• COLLECTED MATERIAL
******************************

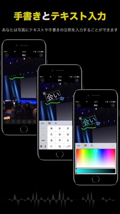 録音天才+はmp3による録音ができるようになっており、録音した音声は分割・消去などの編集が可能となっています。また録音中にテキスト入力や画像撮影ができ、管理に便利です。
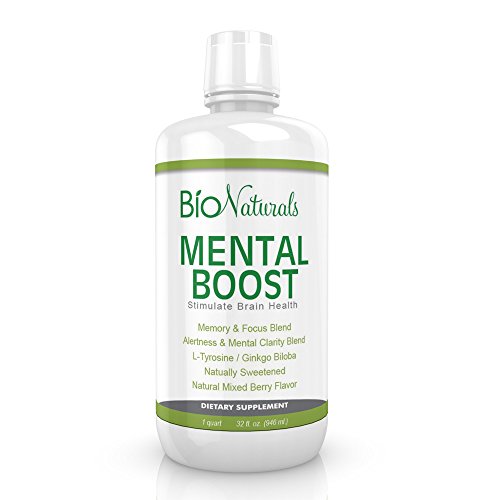 -. Title : Mental Boost Organic Liquid Supplement by Bio Naturals - Enhance Brain Performance with Increased Memory, Alertness, Clarity & Focus - Contains Ginkgo Biloba, Huperzine-A, DMAE & More - 32 fl oz
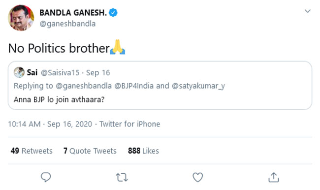 తాజాగా ఓ నెటిజన్ బండ్లకు ఓ అరుదైన ప్రశ్న వేశాడు. ‘బండ్ల అన్నా.. నువ్వు మళ్లీ బీజేపీలో చేరుతున్నావా?’ అని ట్విట్టర్ లో అడడగా.. బండ్ల గణేష్ చేతులెత్తి దండం పెట్టే సింబల్ పెట్టి ‘నో పాలిటిక్స్ బ్రదర్’ అంటూ తేల్చేశాడు. ఇక రాజకీయాల్లోకి రాను అంటూ తేల్చిచెప్పారు.

******************************

Reproduce the data verbatim and omit each image.

• RESPONSE BOX
 録音天才+はmp3による録音ができるようになっており、録音した音声は分割・消去などの編集が可能となっています。また録音中にテキスト入力や画像撮影ができ、管理に便利です。
 -. Title : Mental Boost Organic Liquid Supplement by Bio Naturals - Enhance Brain Performance with Increased Memory, Alertness, Clarity & Focus - Contains Ginkgo Biloba, Huperzine-A, DMAE & More - 32 fl oz
 తాజాగా ఓ నెటిజన్ బండ్లకు ఓ అరుదైన ప్రశ్న వేశాడు. ‘బండ్ల అన్నా.. నువ్వు మళ్లీ బీజేపీలో చేరుతున్నావా?’ అని ట్విట్టర్ లో అడడగా.. బండ్ల గణేష్ చేతులెత్తి దండం పెట్టే సింబల్ పెట్టి ‘నో పాలిటిక్స్ బ్రదర్’ అంటూ తేల్చేశాడు. ఇక రాజకీయాల్లోకి రాను అంటూ తేల్చిచెప్పారు.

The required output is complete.